Copy word for word the lines of the records below, beginning at the one with "杜兰特在大巴山酣睡引热议,美" and finishing at the one with "Photo Middle: A", ends included, but none of the pictures.

SOURCE MATERIAL:
▬▬▬▬▬▬
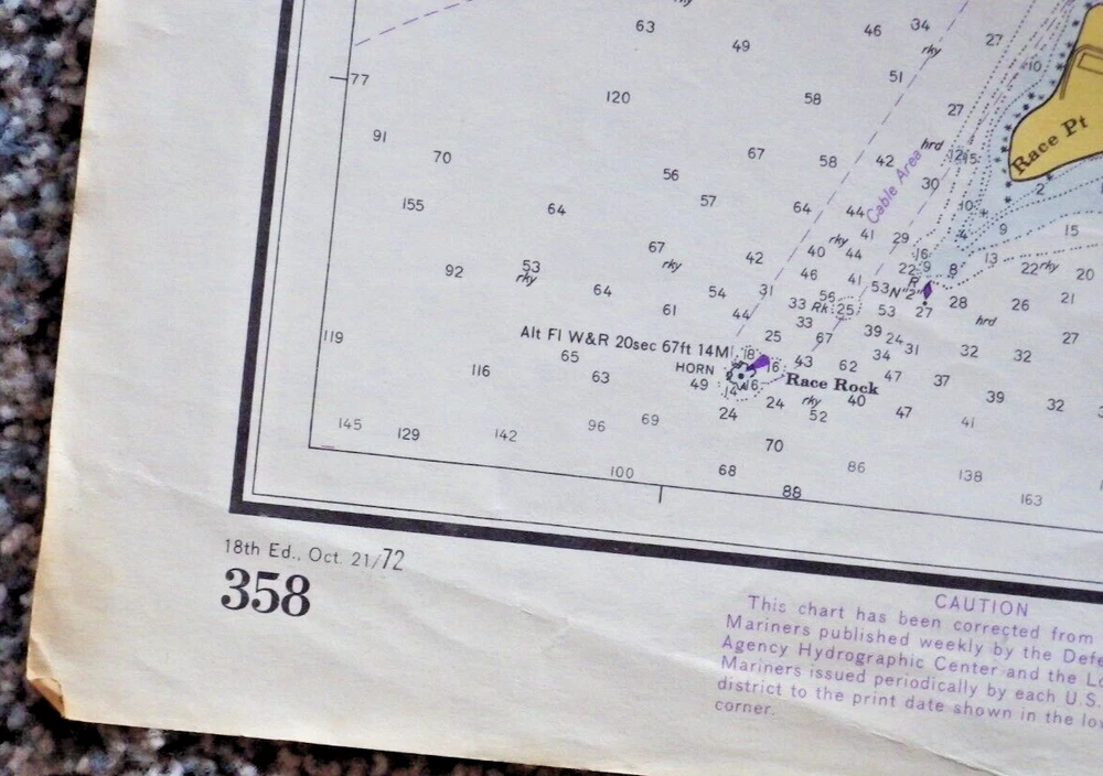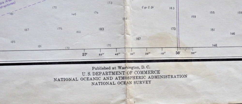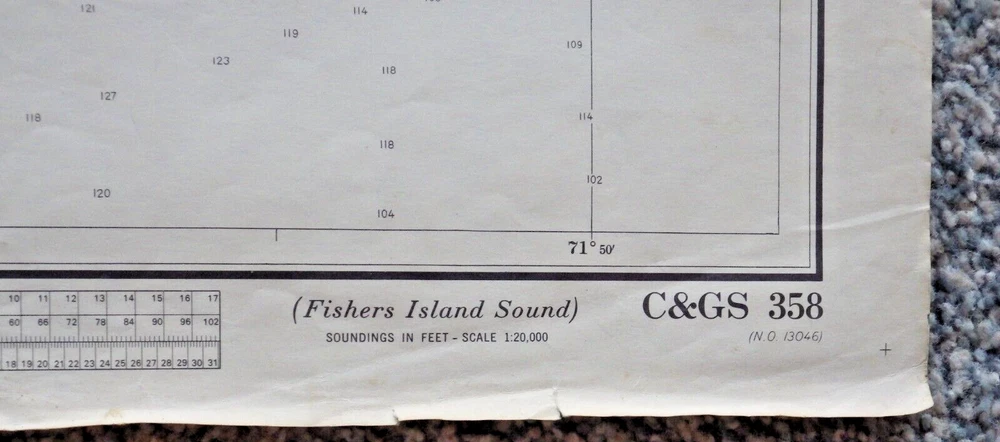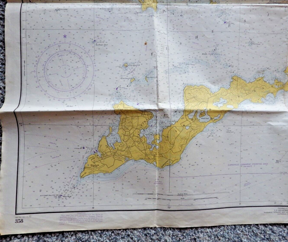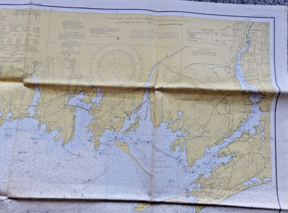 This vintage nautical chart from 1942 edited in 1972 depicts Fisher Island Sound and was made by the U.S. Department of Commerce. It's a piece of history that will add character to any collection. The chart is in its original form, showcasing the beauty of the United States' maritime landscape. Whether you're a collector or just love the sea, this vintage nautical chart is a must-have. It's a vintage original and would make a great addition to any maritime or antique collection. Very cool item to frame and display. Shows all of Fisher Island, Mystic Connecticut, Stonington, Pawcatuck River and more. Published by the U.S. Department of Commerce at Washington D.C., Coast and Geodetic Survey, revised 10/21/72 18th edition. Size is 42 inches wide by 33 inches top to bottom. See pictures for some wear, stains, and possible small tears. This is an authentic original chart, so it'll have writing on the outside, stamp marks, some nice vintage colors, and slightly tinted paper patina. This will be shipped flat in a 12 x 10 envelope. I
▬▬▬▬▬▬
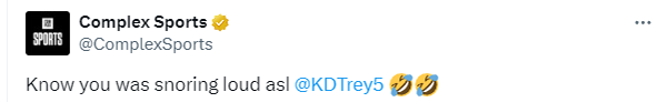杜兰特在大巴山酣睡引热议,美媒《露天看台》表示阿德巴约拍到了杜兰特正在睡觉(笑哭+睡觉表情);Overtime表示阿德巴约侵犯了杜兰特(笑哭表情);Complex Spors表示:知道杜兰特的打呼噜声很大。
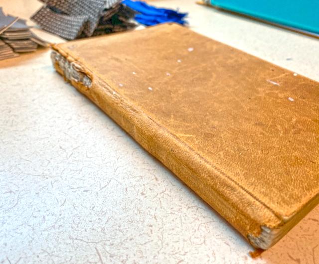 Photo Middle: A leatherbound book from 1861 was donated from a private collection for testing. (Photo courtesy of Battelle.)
▬▬▬▬▬▬
ANSWER FOR THIS EXERCISE:
杜兰特在大巴山酣睡引热议,美媒《露天看台》表示阿德巴约拍到了杜兰特正在睡觉(笑哭+睡觉表情);Overtime表示阿德巴约侵犯了杜兰特(笑哭表情);Complex Spors表示:知道杜兰特的打呼噜声很大。
 Photo Middle: A leatherbound book from 1861 was donated from a private collection for testing. (Photo courtesy of Battelle.)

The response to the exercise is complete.